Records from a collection
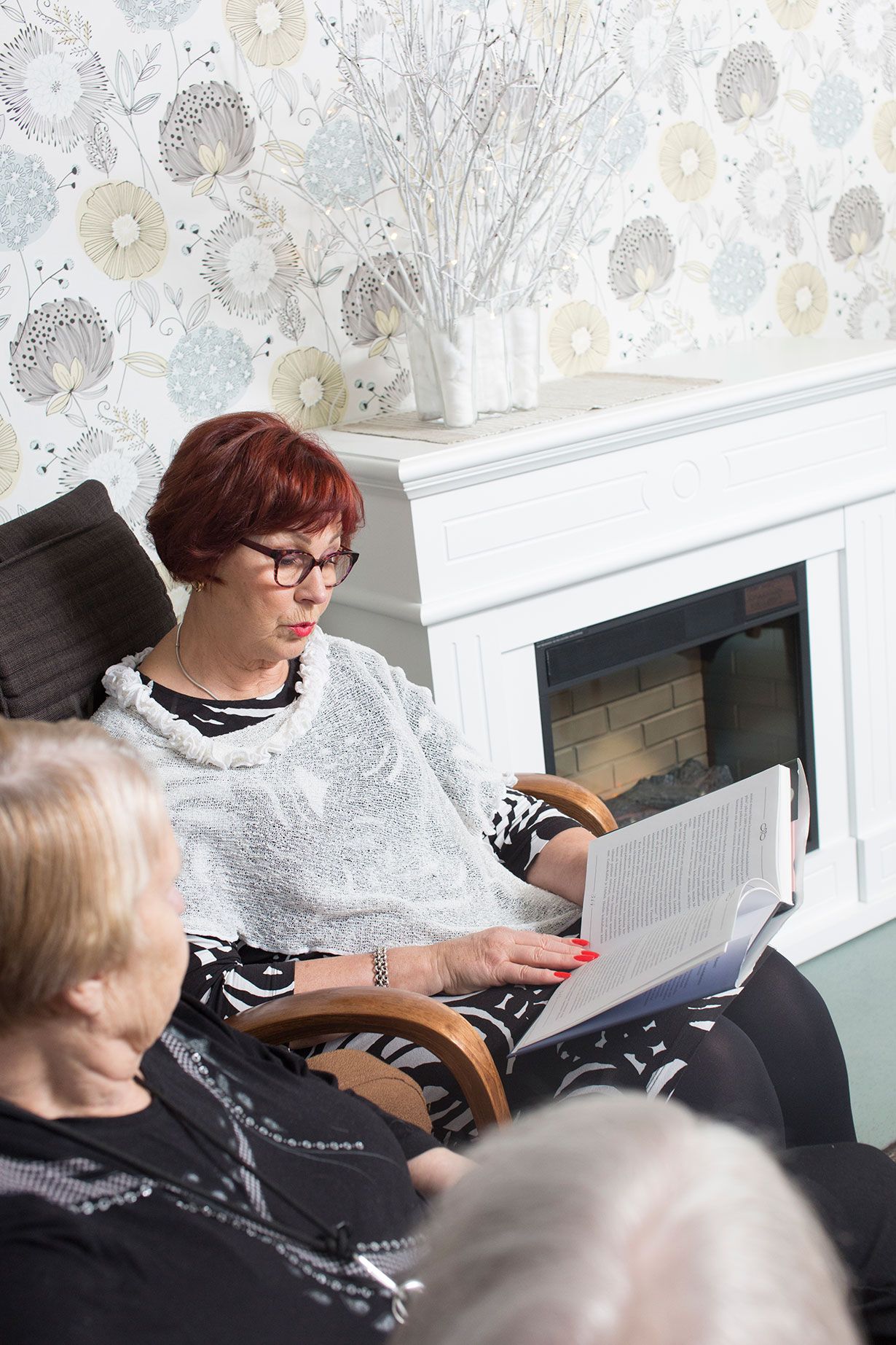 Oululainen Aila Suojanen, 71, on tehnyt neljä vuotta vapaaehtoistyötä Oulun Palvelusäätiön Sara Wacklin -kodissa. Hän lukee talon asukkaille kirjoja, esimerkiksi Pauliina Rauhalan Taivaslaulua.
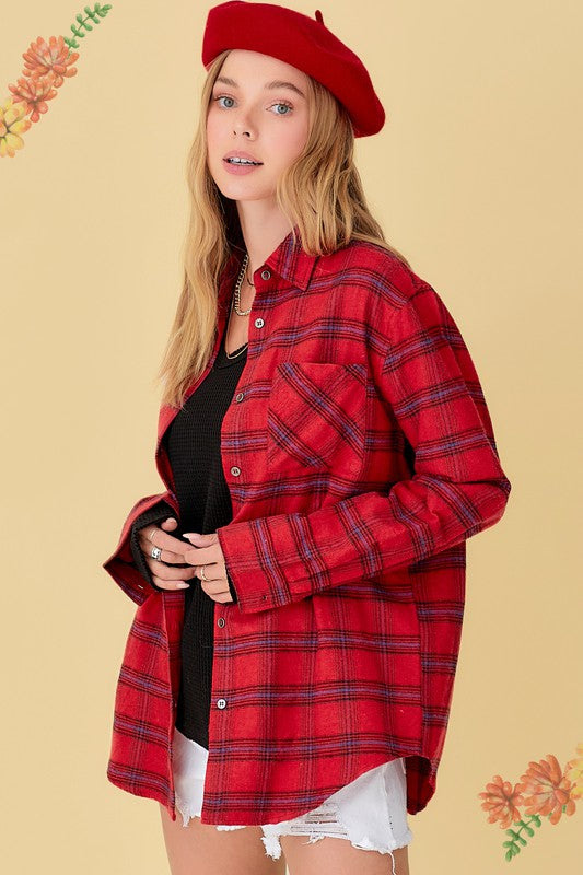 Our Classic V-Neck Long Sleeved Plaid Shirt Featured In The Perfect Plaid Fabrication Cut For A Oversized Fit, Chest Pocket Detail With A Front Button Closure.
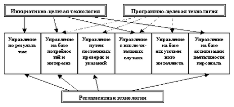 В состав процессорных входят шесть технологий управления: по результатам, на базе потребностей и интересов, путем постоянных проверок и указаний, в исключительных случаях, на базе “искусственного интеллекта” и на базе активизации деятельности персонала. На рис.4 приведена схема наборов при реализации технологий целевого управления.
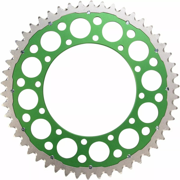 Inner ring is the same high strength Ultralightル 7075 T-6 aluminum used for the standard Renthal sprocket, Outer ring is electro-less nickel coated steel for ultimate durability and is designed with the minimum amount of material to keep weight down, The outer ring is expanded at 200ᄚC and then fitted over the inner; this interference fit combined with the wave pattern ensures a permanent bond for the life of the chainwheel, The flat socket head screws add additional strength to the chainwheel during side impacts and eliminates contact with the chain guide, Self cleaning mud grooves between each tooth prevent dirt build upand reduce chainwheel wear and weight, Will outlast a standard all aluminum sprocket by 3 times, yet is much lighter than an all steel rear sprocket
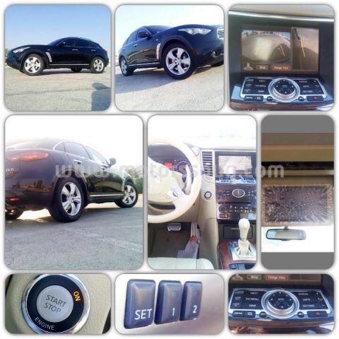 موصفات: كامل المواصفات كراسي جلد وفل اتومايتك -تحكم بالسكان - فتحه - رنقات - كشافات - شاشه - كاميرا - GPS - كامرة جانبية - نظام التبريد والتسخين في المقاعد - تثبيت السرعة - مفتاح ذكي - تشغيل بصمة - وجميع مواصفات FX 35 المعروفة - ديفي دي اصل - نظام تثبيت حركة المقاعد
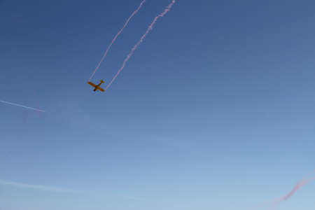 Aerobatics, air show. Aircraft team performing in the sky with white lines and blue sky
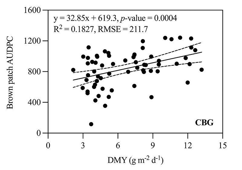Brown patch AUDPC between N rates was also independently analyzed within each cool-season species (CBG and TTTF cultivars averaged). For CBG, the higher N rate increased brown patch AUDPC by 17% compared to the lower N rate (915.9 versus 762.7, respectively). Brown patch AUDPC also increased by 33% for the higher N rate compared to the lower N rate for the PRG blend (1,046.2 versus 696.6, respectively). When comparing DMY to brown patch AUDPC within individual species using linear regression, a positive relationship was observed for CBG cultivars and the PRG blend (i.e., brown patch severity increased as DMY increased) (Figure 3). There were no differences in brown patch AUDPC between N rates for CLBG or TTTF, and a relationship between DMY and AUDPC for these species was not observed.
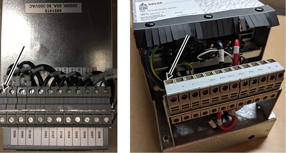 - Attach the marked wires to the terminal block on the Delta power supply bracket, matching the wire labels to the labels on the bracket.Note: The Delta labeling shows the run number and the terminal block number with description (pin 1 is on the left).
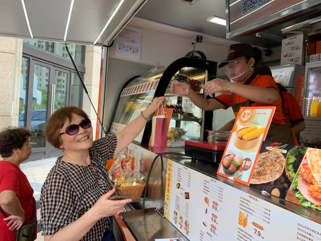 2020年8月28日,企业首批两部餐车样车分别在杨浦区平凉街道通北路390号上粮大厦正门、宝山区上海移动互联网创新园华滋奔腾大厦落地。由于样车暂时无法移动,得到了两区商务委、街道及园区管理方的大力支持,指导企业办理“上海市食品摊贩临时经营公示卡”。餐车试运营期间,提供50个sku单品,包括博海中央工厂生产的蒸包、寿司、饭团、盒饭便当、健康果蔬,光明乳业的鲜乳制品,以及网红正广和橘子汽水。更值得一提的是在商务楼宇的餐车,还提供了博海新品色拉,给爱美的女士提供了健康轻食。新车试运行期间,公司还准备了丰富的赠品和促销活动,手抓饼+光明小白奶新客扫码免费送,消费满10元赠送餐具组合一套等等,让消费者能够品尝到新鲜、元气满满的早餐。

__ABOUT THIS EXERCISE__.
Write out the lines of the entries above exactly, beginning with the first and ending with the line that contains "В состав процессорных". No picture goes in.

__TASK OUTPUT__.
 Oululainen Aila Suojanen, 71, on tehnyt neljä vuotta vapaaehtoistyötä Oulun Palvelusäätiön Sara Wacklin -kodissa. Hän lukee talon asukkaille kirjoja, esimerkiksi Pauliina Rauhalan Taivaslaulua.
 Our Classic V-Neck Long Sleeved Plaid Shirt Featured In The Perfect Plaid Fabrication Cut For A Oversized Fit, Chest Pocket Detail With A Front Button Closure.
 В состав процессорных входят шесть технологий управления: по результатам, на базе потребностей и интересов, путем постоянных проверок и указаний, в исключительных случаях, на базе “искусственного интеллекта” и на базе активизации деятельности персонала. На рис.4 приведена схема наборов при реализации технологий целевого управления.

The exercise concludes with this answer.